# Just how stable is it?

## DrunkGod

Qot a question I hope to get an honest answer for.

I am getting ready to begin the conversion of our RedHat server to something else.  I've looked at a few distrubutions as well as Gentoo and wanted to know if Gento is stable.

My requirements are simple, I need a server that can serve up Samba, HTTP, mial, some database server and be reasonably stable and relatively easy to maintain.

Perhaps I should mention I am not a Linux wizard and have worked with windows for more than a few years (insert boo's and catcalls here).  However, I am learning fast as the Red Hat server is not behaving as I would hope.

Thanks.

----------

## UberLord

My home server has been running Gentoo ~ 7 months now. I think it crashed once with a 2.6.0-testxx kernel with reiserfs. Since then, after changing to XFS I've only rebooted it after installing each kernel and have had zero crashes.

Compiled from a Stage1 tarball on a VIA-C3-2 chipset with fairly aggressive CFLAGS using GCC 3.3.x and glibc patched with NPTL.

Kernel 2.6.2 (vanilla), MySQL, Apache, PHP, ProFTPD, Prelude-NIDS and a few other bits and pieces.

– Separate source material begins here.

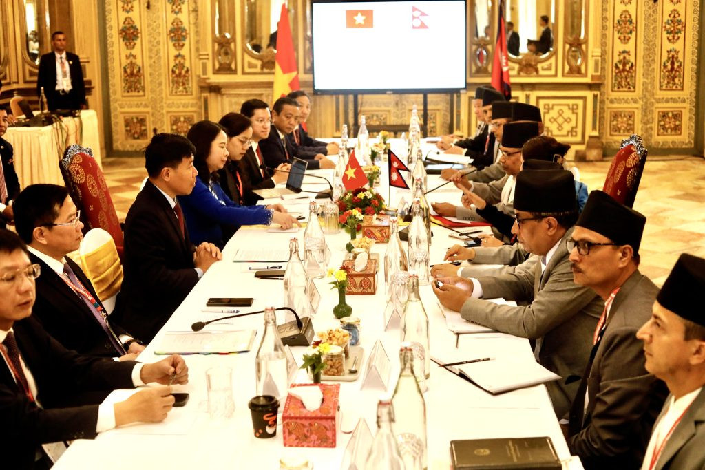 काठमाडौं । उपराष्ट्रपति रामसहायप्रसाद यादव र नेपाल भ्रमण आएकी समाजवादी गणतन्त्र भियतनामकी उपराष्ट्रपति भो थि आन सुआनलगायत प्रतिनिधिमण्डलको द्विपक्षीय बैठक काठमाडौंमा सुरु भएको छ ।

So, stable and easy to maintain.

----------

## Oopsz

my remote server has been running gentoo with no problems since november.  It's located in new jersey (allegiance datacenter, if anyone cares), whereas I'm in montreal.  I haven't had any problems that couldn't be solved remotely (except for on initial install, but I just had to have a technician ctrl+D the startup so I could emerge reiserfsprogs  :Wink: )

----------

## KingTaco

Been running gentoo for about a year now in a 2 node cluster.  Have had one crash on one node after trying to fdisk a faulty IDE disc.  Running apache, postfix, courier, nfs, samba, iptables(firewall), ftp, and KDE.  Gentoo is the best of the 6 or 7 distros I have worked with!!

----------

## ka0ttic

I first installed Gentoo on my desktop machine about 6 or 7 months ago and have never looked back.  It is not possible for me to truly express how I feel about Gentoo through this keyboard   :Very Happy: 

It's VERY stable (even with unstable/testing packages), but the best thing is the ease of maintaining Gentoo.  

Since the first install, I've also installed Gentoo on an old Celeron 533 (2.6.3 kernel w/NPTL) to act as a smtp/imap/www server for my network, as well as an old P233 (2.4.24-grsec-1.9.13 kernel)  that acts as my gateway/firewall.  

I have to say that messing around with Gentoo is the first time I've had REAL fun using linux (emerge sync makes me tingle) since I first started linux (back in the Debian 0.99 days..).

In short, move to Gentoo and you won't regret it.

HTH,

Aaron

----------

## Lucho[FLCL]

 *Quote:*   

> However, I am learning fast as the Red Hat server is not behaving as I would hope. 
> 
> 

 

What do you dislike about RH?

I dislike RPM, performance and that it doesn't exist anymore   :Laughing: 

But what you don't like mat not be something to do with RH...Who knows...

----------

## DrunkGod

Thanks for all of the reply's

Sounds like there are only Gentoo fans here.

I can't say that I either like or dis-like RH.  I do know that it is going away and that Fedora seems to be using the free efforts of many programmers and testers to sell the software.  I may be wrong on that point, that's just how it seems to me.

As it turns out, the RH box that I've been attempting to restore to full functionality has me stumped and the boss says "cut bait."  So I am now in the process of building the new server in a hurry.  I will then move services over to the new box asap.  And RH is a known quantity so that is what I'll go with.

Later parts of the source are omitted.